To enforce HITECH, the HHS can randomly audit covered entities to check for compliance.
The bad news is these audits aim to be comprehensive and detailed and will likely look at the compliance of your business associates. The good news is you're not alone if you're unprepared.
According to HITECH News , 89 percent of organizations that were included in the first round of audits in 2013 had compliance issues. Indeed, the whole health industry has some catching up to do, hence the second auditing round.
89% of audited organizations had HIPAA compliance issues in 2013.
As an independent nurse or nurse practitioner, make sure that you're up to date on the latest regulations concerning the privacy and security of health information. As a general rule, keep documentation that shows your procedures for accessing, storing, and transmitting PHI. If you have any employees, your preparation will need to be a bit more comprehensive.

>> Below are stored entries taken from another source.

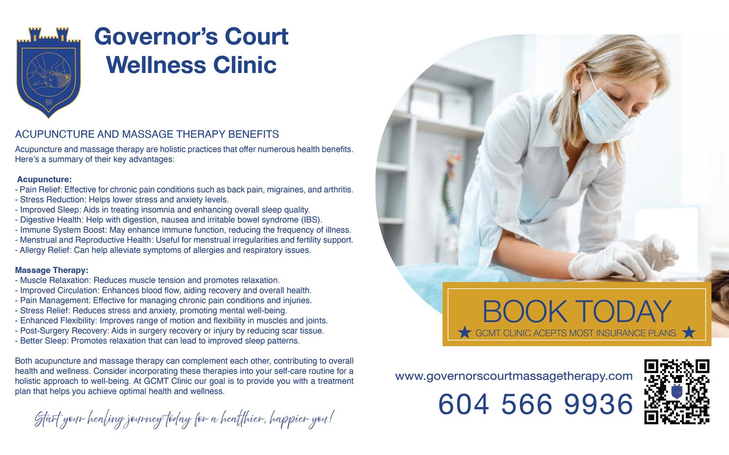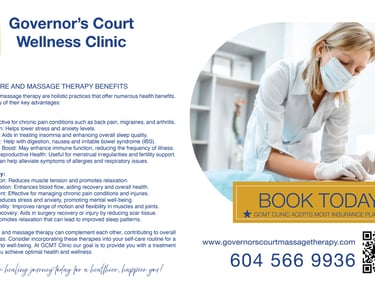 Governor's Court Massage Therapy Clinic offers a comprehensive approach to healing, addressing physical, mental, and emotional needs. Our blend of modern science and traditional methods ensures the best care possible.
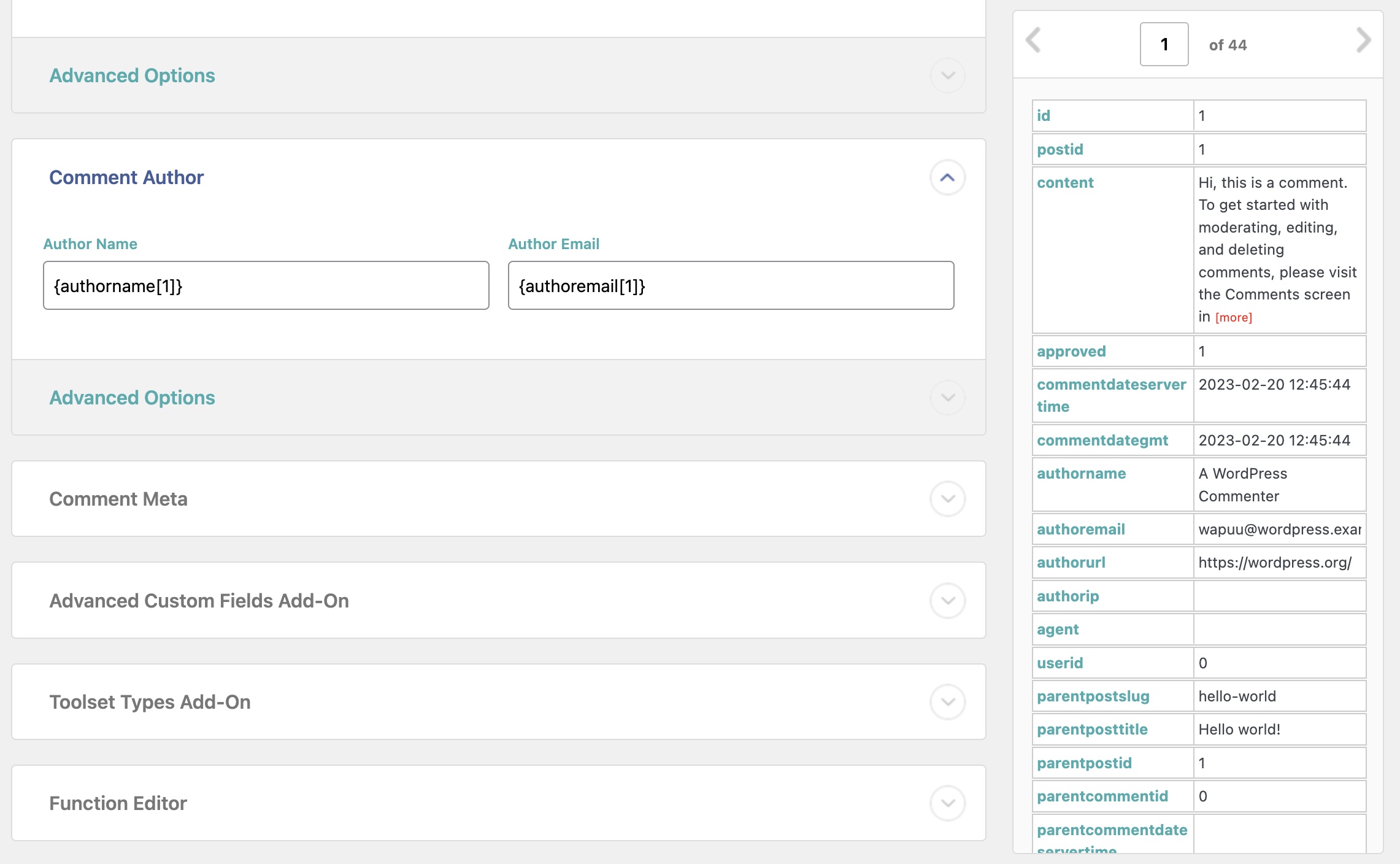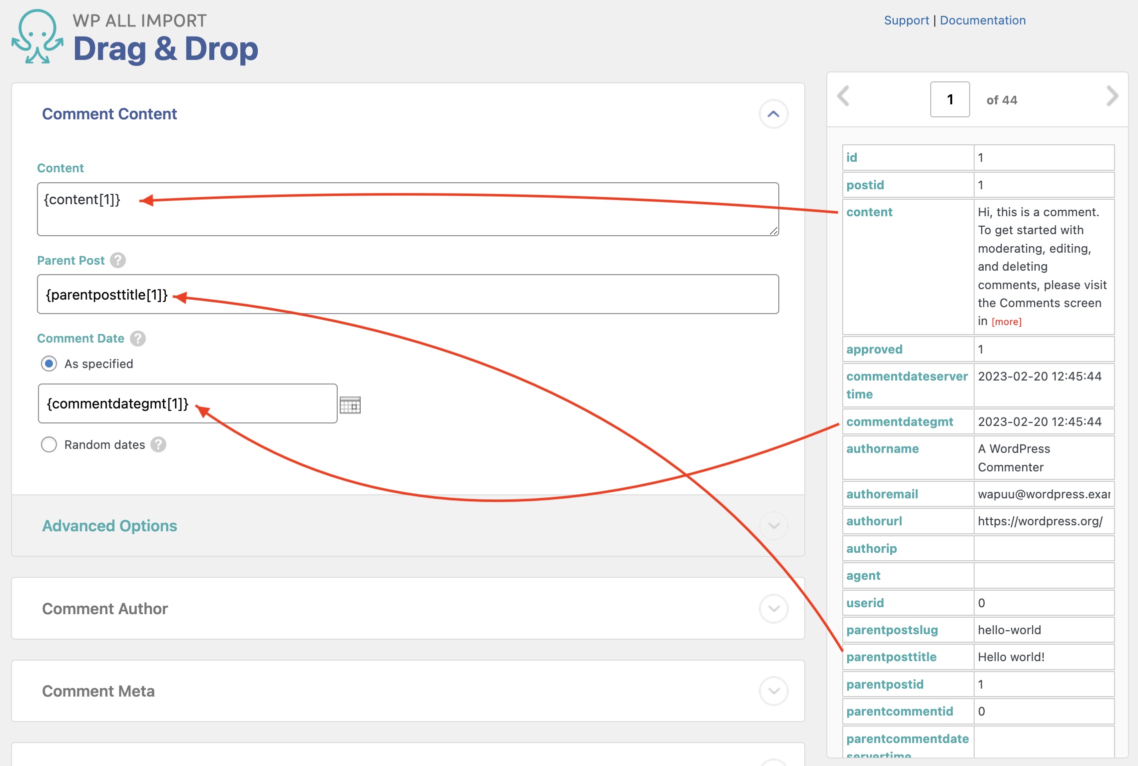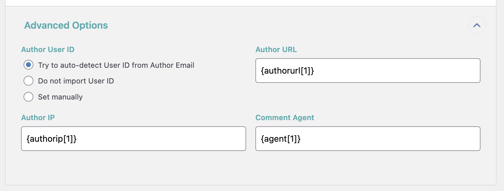There are additional advanced options in this section that let you map the Author User ID, Author IP, Author URL, and Comment Agent:
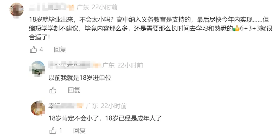 也有网友表示:18岁就本科毕业,这么小这么早出来就业,有工作岗位吗?那么多的内容要学,缩短学制只会让学习更卷。
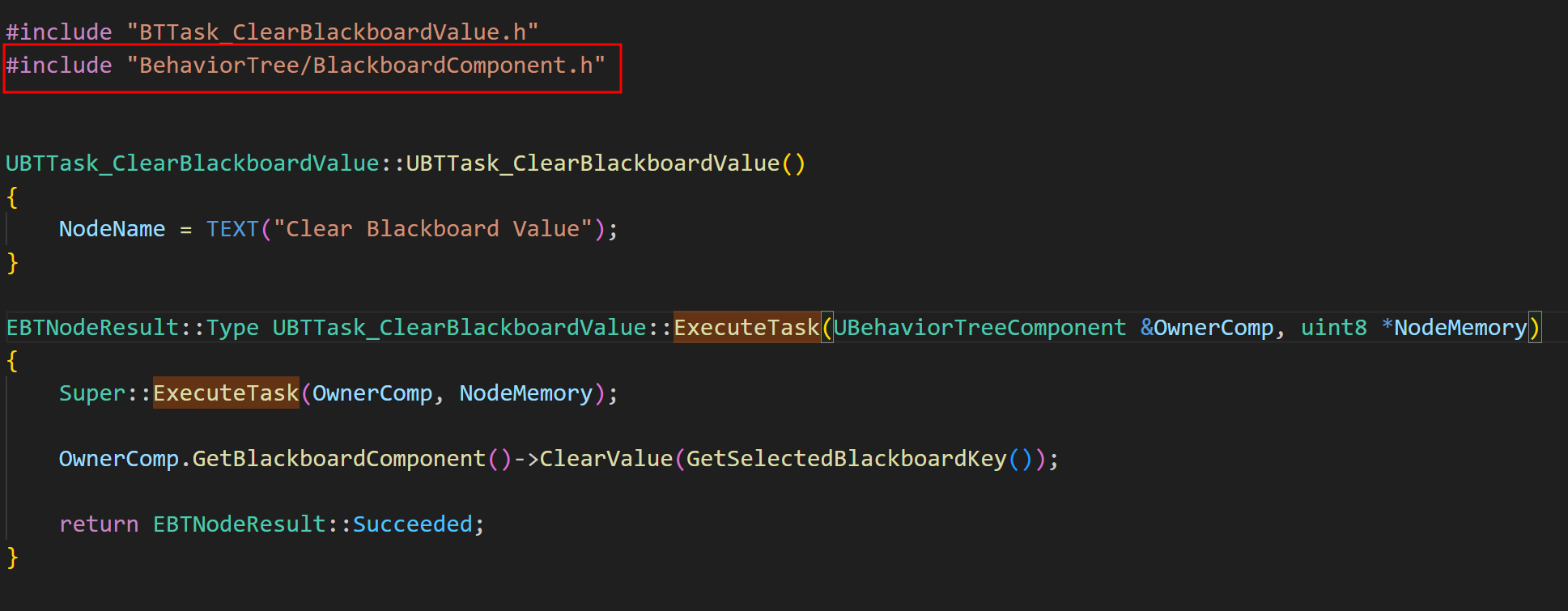 #include "BehaviorTree/BlackboardComponent.h" 에 속한 함수로 GetBlackboardComponent 함수 및 ClearValue 함수를 사용한 적이 있다.

To get you started, here are some steps you can take to prepare for an audit:
- Review and retrain. Go over your policies and procedures to verify that they conform to HIPAA protocol, and update documents accordingly. Retrain your staff on updated procedures, and update your training documentation, too. Ensure that you have a policy for breach notification and that health information is protected by access controls and encryption.
- Contact your business associates. Have a list of your BAs and what services they provide for you. Ask each BA for an updated Business Associate Agreement.
- Conduct a risk assessment. Identify areas of risk within your practice and how you can either fix or respond to them. Go over security and privacy safeguards and ensure that they're adequate. You can even replicate the auditing process internally to find areas that need improvement.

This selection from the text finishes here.